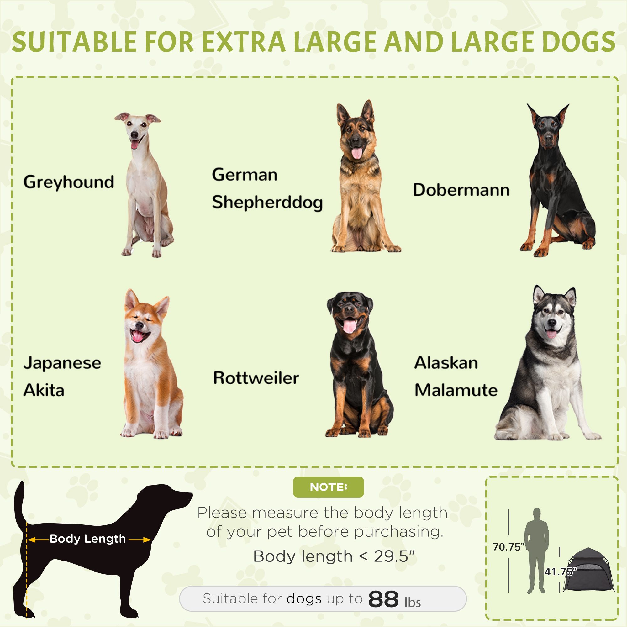 • - Spacious Pet Tent: With interior dimensions of 43.25" L x 43.25" W x 33.5" H, our pet tent is suitable for extra large and large dogs less than 29.5" in length and less than 88 lbs. in weight.
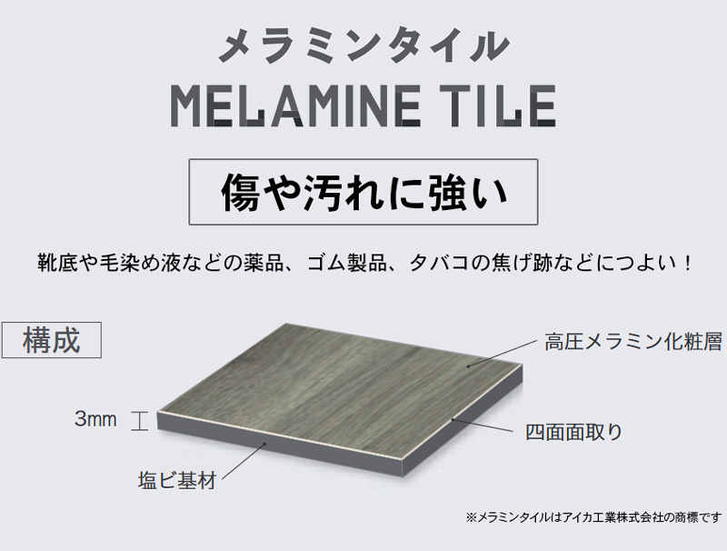 ※ メラミンタイルはアイカ工業株式会社の商標です。 ※ 自然素材が持つ木目を表現しているため、柄域によって色の濃淡に特徴があります。 ※ 施工の前に必ず施工要領を確認してください。 ※ メラミンタイルは材質が硬めです。施工前に試し切りをしてカット性等をご確認ください。 ※ メラミンと塩化ビニルの材質の違いにより、タイルに若干の癖がついていることがあります。 ※ 指定接着剤を使用し、施工後はローラー等で念入りに圧着してください。 ※ エルワイタイル取り扱い注意事項と重要警告事項(PDF ) |
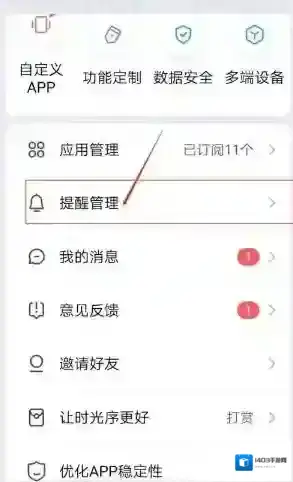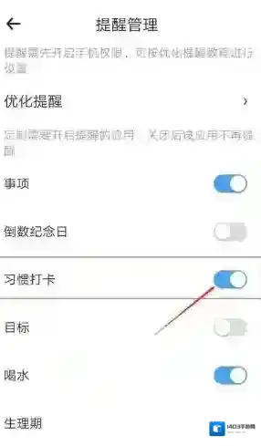 《时光序》习惯打卡开启方法 2025-07-29 11:49:27 编辑: 尛鬼旸旸丶 分类: 应用教程 • 阅读: 593 1、打开已登录的时光序APP,点击右下角我的。 2、点击提醒管理。 3、进入提醒管理页面,点开习惯打卡按钮即可。 本文内容来源于互联网,如有侵权请联系删除。 发表回复 请登录后评论... 登录后才能评论 评论列表 ( 0条)

**Problem description:** Nothing but the pictures should be left out when the listing above is transcribed.

**Result of the exercise:**
 • - Spacious Pet Tent: With interior dimensions of 43.25" L x 43.25" W x 33.5" H, our pet tent is suitable for extra large and large dogs less than 29.5" in length and less than 88 lbs. in weight.
 ※ メラミンタイルはアイカ工業株式会社の商標です。 ※ 自然素材が持つ木目を表現しているため、柄域によって色の濃淡に特徴があります。 ※ 施工の前に必ず施工要領を確認してください。 ※ メラミンタイルは材質が硬めです。施工前に試し切りをしてカット性等をご確認ください。 ※ メラミンと塩化ビニルの材質の違いにより、タイルに若干の癖がついていることがあります。 ※ 指定接着剤を使用し、施工後はローラー等で念入りに圧着してください。 ※ エルワイタイル取り扱い注意事項と重要警告事項(PDF ) |
 《时光序》习惯打卡开启方法 2025-07-29 11:49:27 编辑: 尛鬼旸旸丶 分类: 应用教程 • 阅读: 593 1、打开已登录的时光序APP,点击右下角我的。 2、点击提醒管理。 3、进入提醒管理页面,点开习惯打卡按钮即可。 本文内容来源于互联网,如有侵权请联系删除。 发表回复 请登录后评论... 登录后才能评论 评论列表 ( 0条)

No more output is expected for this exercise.